Spain’s banks face slower rate increases for deposits as savings costs stay tame
Spanish banks have delayed passing rising rates to customers with deposits, a trend that has kept the growth of term savings accounts modest compared with other periods. The rise in official ECB rates has been acknowledged, yet the banking sector has shown the smallest increases in these products within the euro area. In their latest annual results presentations, executives suggested this stance would continue into 2024. “We expect deposits costs to rise in Spain in 2024, but at a much slower pace than in 2023, given the ongoing decline in interest rates,” explained Leopoldo Alvear, Sabadell’s finance director, capturing the prevailing industry outlook.
“The bank tax didn’t stop Santander from delivering record results”
In Spain, the relationship between credit demand and public debt remains managed relative to the euro area. Banks report that subdued credit demand and ample liquidity reduce the pressure to lift wages in deposits as a funding source. “If there are no customers in a restaurant, you don’t cook. If there’s no one to lend to, you don’t attract more deposits and therefore you don’t raise prices,” observed one industry analyst. Santander’s chairwoman, Ana Botín, noted a cautious lending environment that keeps deposit growth in check.
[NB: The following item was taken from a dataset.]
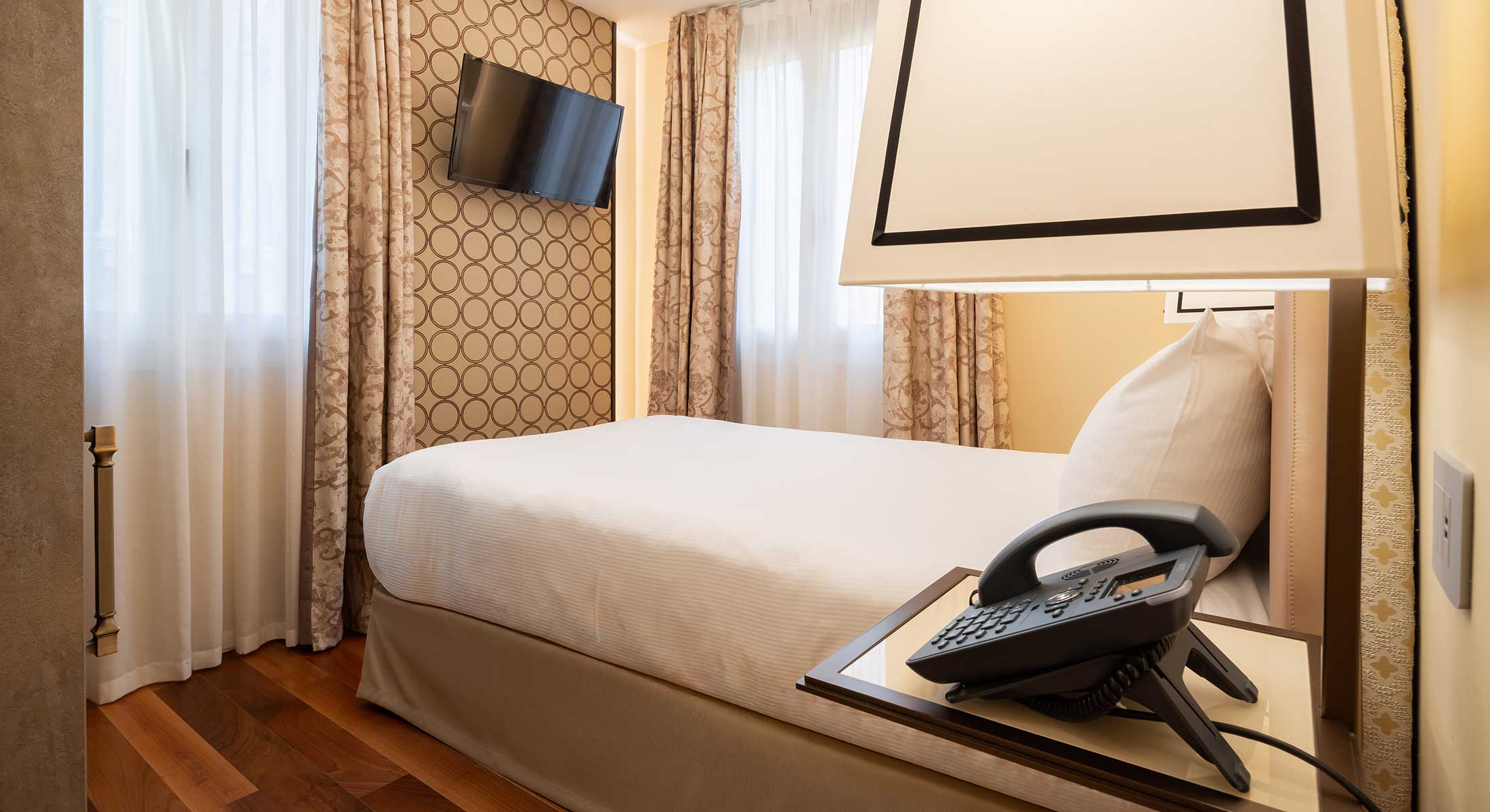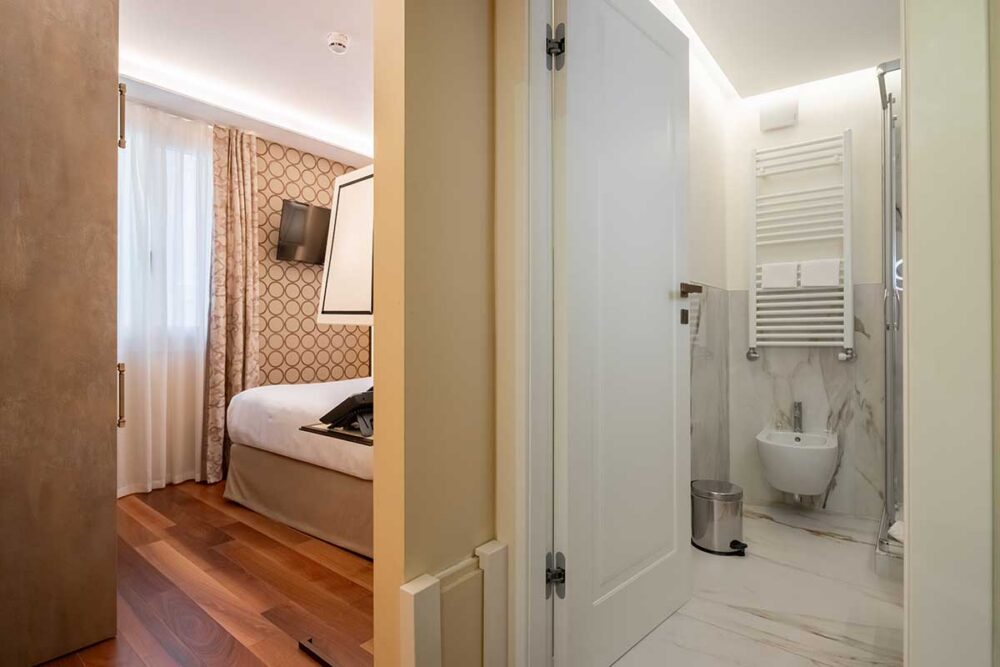 Our Classic rooms have been designed to create a relaxing setting for your weekend or long stay in Venice, with a comfortable double bed and modern bathrooms.

Executives from other lenders echoed similar sentiments. Onur Genç, BBVA’s CEO, emphasized that loans currently represent a large share of deposits – roughly 87% in some cases – and, with credit growth weak, deposits are not a scarce resource. “Fees and rates align with market conditions, and the emphasis remains on stability rather than chasing higher volumes,” he added.
Forecasts of a softer path for rates
Underlying the trend is the market for Euribor and inflation dynamics. A faster-than-expected slowdown in euro-area inflation last year, paired with economy weakness, has led investors to anticipate continued rate cuts from the ECB. The possibility of earlier and deeper reductions in the price of money means banks now project a slower rise in the cost of deposits than anticipated a few quarters ago. This environment supports the view that deposit costs will remain relatively contained as policy rates ease gradually, according to market analyses cited by industry executives. (Citation: European Central Bank communications, 2024).
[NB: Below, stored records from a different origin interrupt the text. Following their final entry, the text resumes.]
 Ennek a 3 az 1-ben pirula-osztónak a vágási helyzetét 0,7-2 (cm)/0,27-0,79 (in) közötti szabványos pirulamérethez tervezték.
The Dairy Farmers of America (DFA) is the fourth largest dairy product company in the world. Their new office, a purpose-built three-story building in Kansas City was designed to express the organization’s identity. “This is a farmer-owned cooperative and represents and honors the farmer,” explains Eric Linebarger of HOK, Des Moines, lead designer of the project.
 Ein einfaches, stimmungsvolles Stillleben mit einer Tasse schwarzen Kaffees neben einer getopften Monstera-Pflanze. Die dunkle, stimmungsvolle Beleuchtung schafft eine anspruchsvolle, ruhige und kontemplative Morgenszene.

Household savings allocate more to deposits despite tepid returns
Households are not abandoning deposits, but the composition of savings is evolving. Projections suggest rates could trend lower once the ECB confirms a new cycle of rate reductions. CaixaBank’s CEO Gonzalo Gortázar remarked that rates are not trending upward and that policy aligns with market conditions, with banks adjusting both deposits and loans in line with the broader cycle. The prevailing stance is to connect pricing to the macro environment rather than pursue aggressive deposit growth, reflecting cautious optimism about consumer behavior.
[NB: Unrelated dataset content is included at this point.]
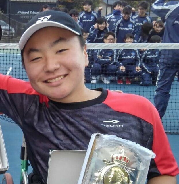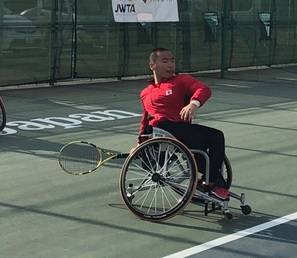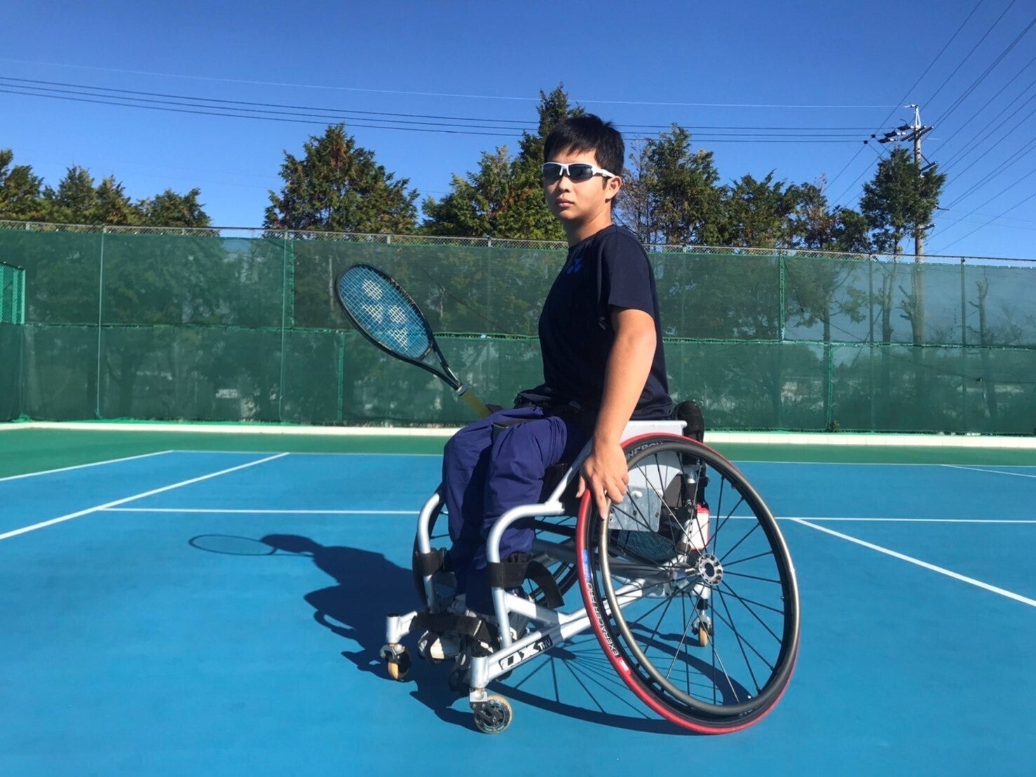 僕は9歳の時、左股関節に骨肉腫がみつかり人工股関節になりました。それまではサッカーをやっていましたが、大好きだったサッカーを諦め、代わりになる競技をということで車いすテニスに転向しました。始めた時から、僕と同じ9歳で車いす生活になった国枝慎吾選手が憧れであり目標です。

No escalation in competition yet
Unlike prior episodes, there has not been a rush of high-stakes deposit offers designed to lure customers away from rivals. CaixaBank’s finance director Javier Pano acknowledged that while the Spanish system feels comfortable, there is no single institution pushing disruptive plays that would compel others to respond with sharp deposit incentives. The overall tone in the sector remains steady rather than combative, with a focus on sustainable funding rather than short-term gains. (Citation: CaixaBank annual report, 2023).
Mortgage prepayments and the Euribor dynamic
Looking ahead, banks anticipate only a modest uptick in costs as deposit plans adapt to exchange-rate movements and policy shifts. A significant share of household funds sits in accounts that yield minimal interest today, with average returns around 0.15% for many households. Historically, savings were distributed more evenly between accounts and deposits during prior rate-hike cycles, but current dynamics suggest a smaller shift in total funds even if new term deposits rise. The emphasis remains on maintaining balance while deposits and loans respond to market conditions.
A restrained rise in new term deposits
Since the ECB began tightening policy in December 2021, the monthly average rate for new Spanish term deposits has risen from 0.06% to about 2.57% since last December. Over the same period, the year-long Euribor moved from negative territory to higher levels, and the ECB’s rate decisions influenced the profitability of funding. The current environment has led to a much smaller increase in new deposits in Spain compared with the Euribor trajectory and the ECB reference rate. Meanwhile, the average interest rate on new family deposits in the eurozone climbed significantly, reflecting a broader shift toward better returns on savings while still facing a relatively high cost of funds for banks. As a result, overall deposit balances show limited growth relative to past episodes when rate cycles were more volatile. (Citation: ECB statistical releases, 2024).